(Exercise brief): Reproduce, please, the line that holds "液阻限值執(zhí)行GB2" and all later lines through the end of the entries below, exactly; omit pictures.

(Task inputs):
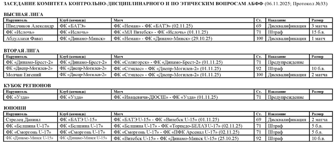 Нападающий борисовского БАТЭ Александр Шведчиков получил три матча дисквалификации, "Ислочь" оштрафована на 15 базовых величин (630 рублей), полузащитник минского "Динамо" Фаваз Абдуллахи дисквалифицирован на один матч из-за инцидента с боллбоем.
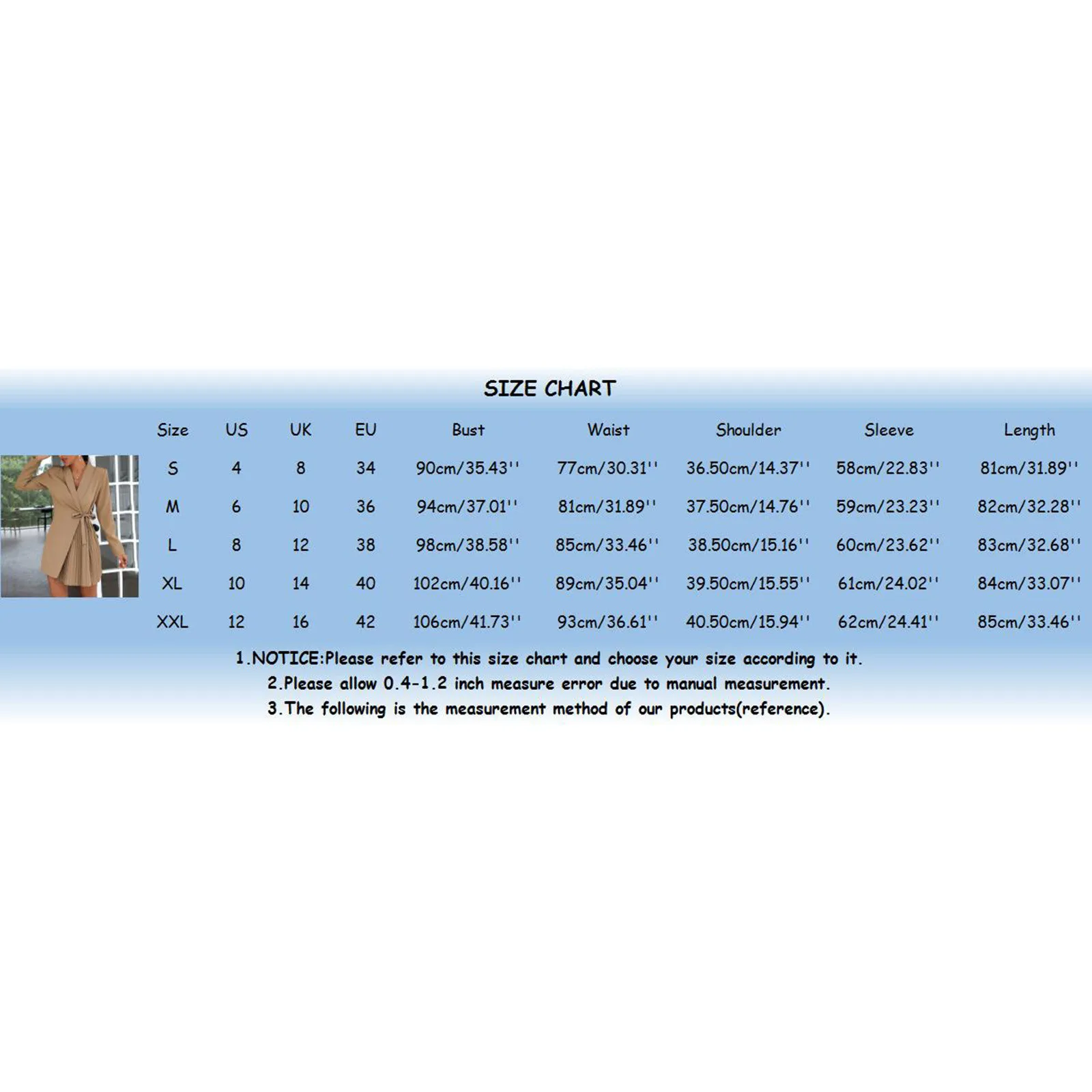 Size:S US:4 UK:8 EU:34 Bust:90cm/35.43'' Waist:77cm/30.31'' Shoulder:36.50cm/14.37'' Sleeve:58cm/22.83'' Length:81cm/31.89'' Size: US:6 UK:10 EU:36 Bust:94cm/37.01'' Waist:81cm/31.89'' Shoulder:37.50cm/14.76'' Sleeve:59cm/23.23'' Length:82cm/32.28'' Size: US:8 UK:12 EU:38 Bust:98cm/38.58'' Waist:85cm/33.46'' Shoulder:38.50cm/15.16'' Sleeve:60cm/23.62'' Length:83cm/32.68'' Size: US:10 UK:14 EU:40 Bust:102cm/40.16'' Waist:89cm/35.04'' Shoulder:39.50cm/15.55'' Sleeve:61cm/24.02'' Length:84cm/33.07'' Size: XXL US:12 UK:16 EU:42 Bust:106cm/41.73'' Waist:93cm/36.61'' Shoulder:40.50cm/15.94'' Sleeve:62cm/24.41'' Length:85cm/33.46''
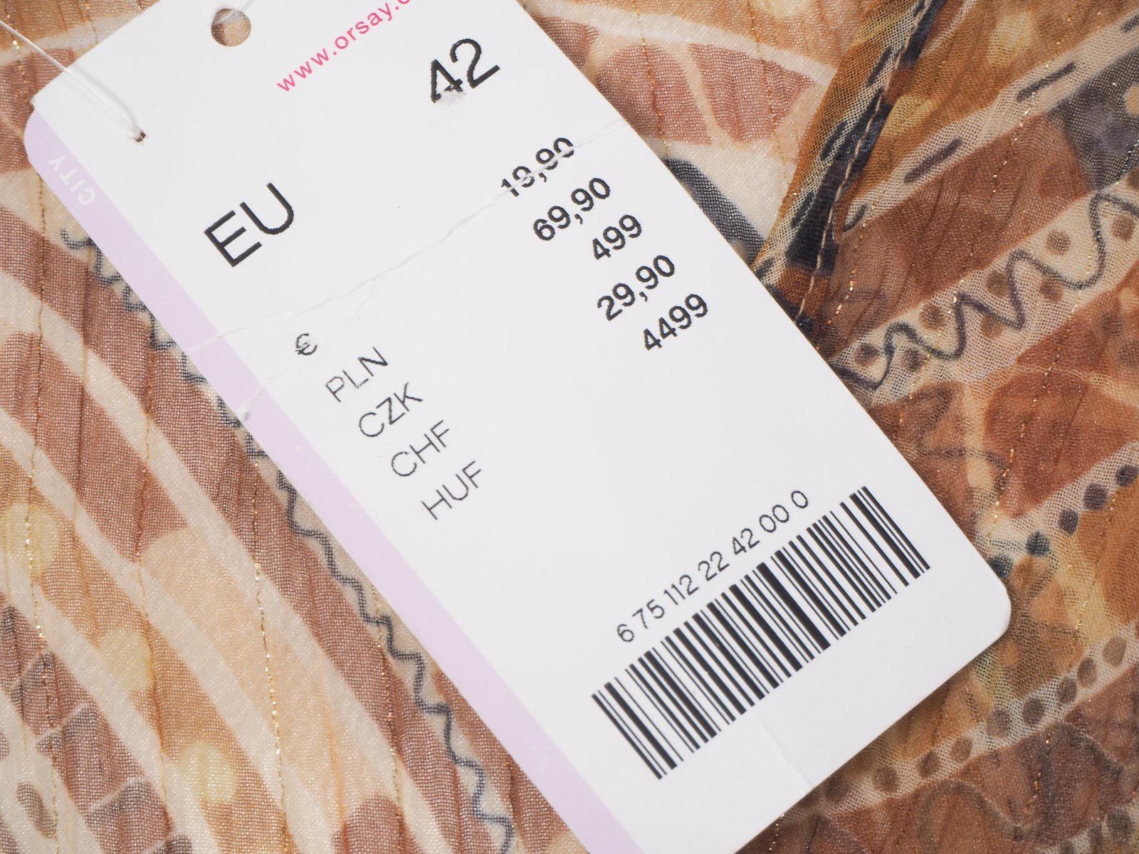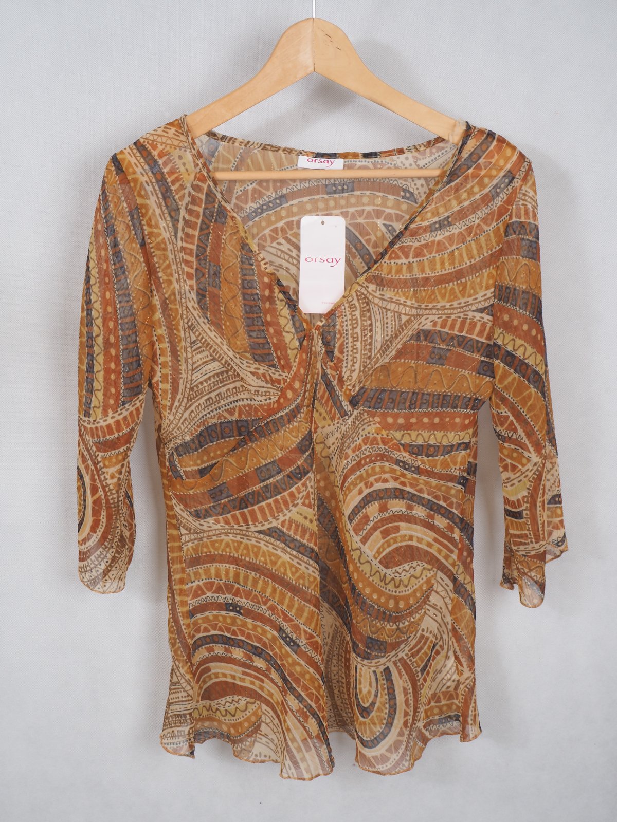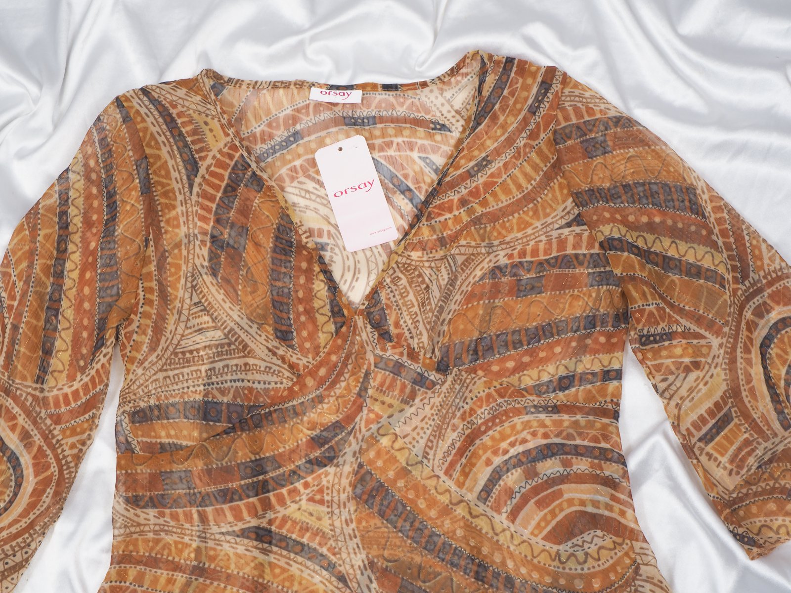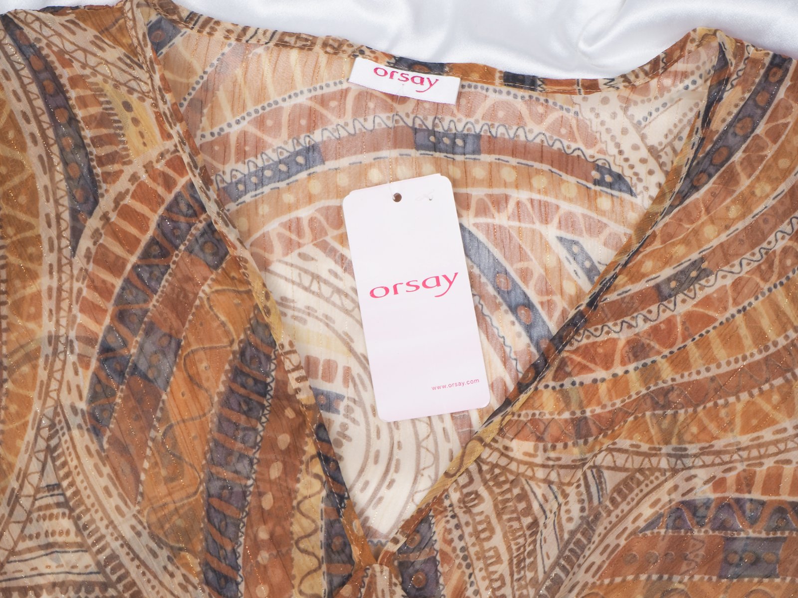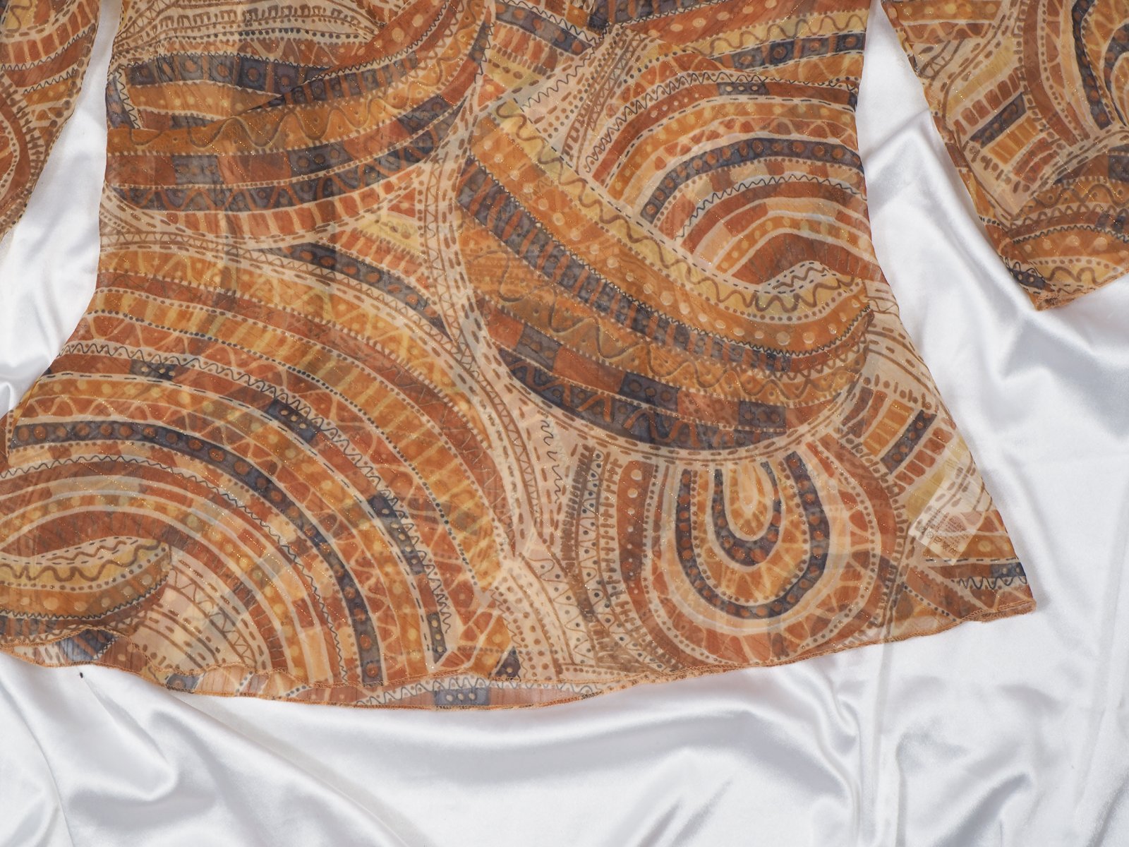Kvalitná transparentná tunika, bežovo-hnedých vzorov, popretkávaný zlatou niťou, materiál 98% polyester, 1% nylon, 1% metalické vlákno, nová.
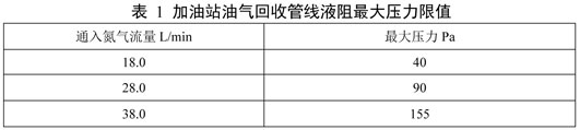 液阻限值執(zhí)行GB20952標(biāo)準(zhǔn)規(guī)定,加油油氣回收管線液阻檢測值應(yīng)小于表1規(guī)定的最大壓力限值。
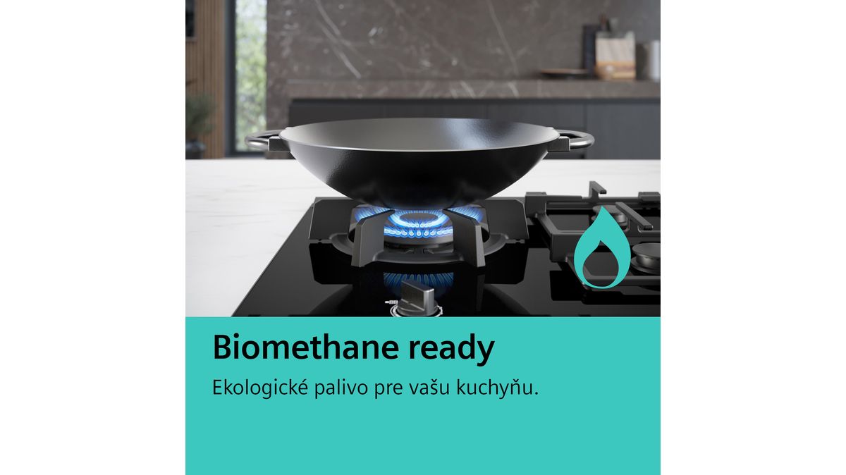 - Biomethane ready – pripojte svoju plynovú varnú dosku na obnoviteľný biometánový plyn.
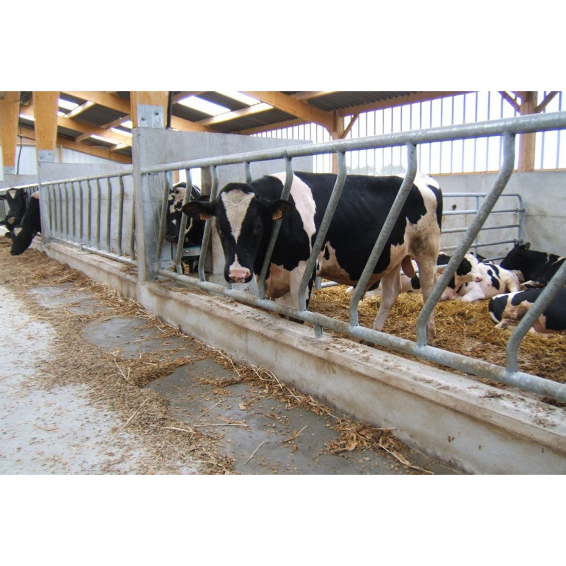 Fressgitter schräg 5 Plätze auf 3m unterbinden Futter Verschwendung. Lieferung mit 4 ausziehbaren Endlaschen. Nicht für Mast und Bullenkälber geeignet. Pfosten und Halterungen nicht inkl. 36 kg
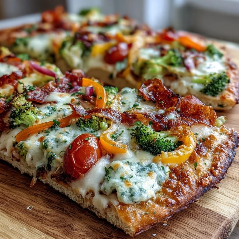 For the most vibrant rainbow effect, take your time arranging the vegetables in neat rows, keeping similar colors together. Dice all vegetables to roughly the same size to ensure even cooking and a professional appearance. If your broccoli florets are large, blanch them briefly in boiling water for 2 minutes before adding to the pizza to ensure they cook through. Pat vegetables dry with paper towels if they're wet to prevent a soggy crust. Pre-shredding your cheese and pre-dicing all vegetables before you start assembling makes the process much faster and more enjoyable.
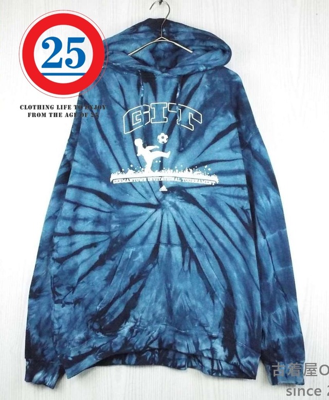 【アメリカ古着】【リメイク】TIE DYE CLOTHING COMPANY adidas アディダス プルオーバーパーカー フーテッド 長袖スウェット Lサイズ(肩幅62cm) タイダイ染 ブルー【仙台倉庫】USメンズ古着 ビッグサイズ

(Output):
 液阻限值執(zhí)行GB20952標(biāo)準(zhǔn)規(guī)定,加油油氣回收管線液阻檢測值應(yīng)小于表1規(guī)定的最大壓力限值。
 - Biomethane ready – pripojte svoju plynovú varnú dosku na obnoviteľný biometánový plyn.
 Fressgitter schräg 5 Plätze auf 3m unterbinden Futter Verschwendung. Lieferung mit 4 ausziehbaren Endlaschen. Nicht für Mast und Bullenkälber geeignet. Pfosten und Halterungen nicht inkl. 36 kg
 For the most vibrant rainbow effect, take your time arranging the vegetables in neat rows, keeping similar colors together. Dice all vegetables to roughly the same size to ensure even cooking and a professional appearance. If your broccoli florets are large, blanch them briefly in boiling water for 2 minutes before adding to the pizza to ensure they cook through. Pat vegetables dry with paper towels if they're wet to prevent a soggy crust. Pre-shredding your cheese and pre-dicing all vegetables before you start assembling makes the process much faster and more enjoyable.
 【アメリカ古着】【リメイク】TIE DYE CLOTHING COMPANY adidas アディダス プルオーバーパーカー フーテッド 長袖スウェット Lサイズ(肩幅62cm) タイダイ染 ブルー【仙台倉庫】USメンズ古着 ビッグサイズ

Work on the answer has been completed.